Forward-Looking Information and Other Information

This press release contains forward-looking statements based upon the Company’s beliefs, assumptions and expectations of its future performance, taking into account all information currently available. These beliefs, assumptions and expectations can change as a result of many possible events or factors, not all of which are known to the Company or are within its control.

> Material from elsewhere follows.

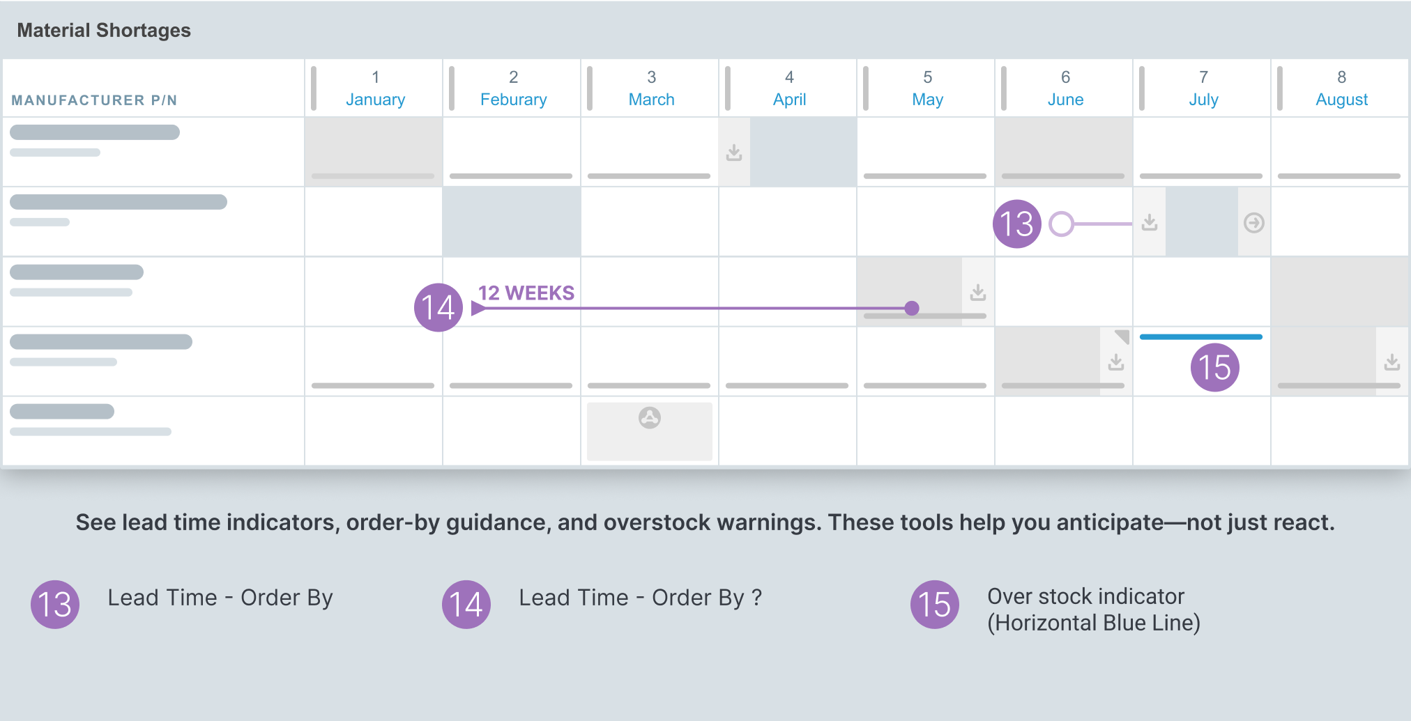 Aligni’s Material Shortage Report turns inventory gaps into actionable insight—so you can prioritize, purchase, and produce with confidence.

If a change occurs, the Company’s business, financial condition, liquidity and results of operations may vary materially from those expressed in its forward-looking statements.

The factors that could cause actual results to vary from the Company’s forward-looking statements include: the company’s ability to identify attractive investments agreeable to the Company and the Investor; the success of the Company’s current NPL business and JV with another institutional investor as disclosed in prior releases; the Company’s ability to redeem the Preferred; the availability of attractive NPL investments; the subsequent investments by the Investor; the U.S. general economy; the Company’s liquidity and ability to continue to cover its operating cash requirements; the Company’s future operating results; its business operations and prospects; availability, terms and deployment of short-term and long-term capital; availability of qualified employees; changes in interest rates; adverse development in the debt securities, credit and capital markets, adverse developments in the commercial finance and real estate markets; performance and financial condition of borrowers and corporate customers; any future litigation that may arise; the ultimate resolution of the Company’s numerous defaulted loans; the performance of the Company’s joint venture investments; and the ability to continue as a going concern. The Company undertakes no obligation to publicly update or revise any forward- looking statements.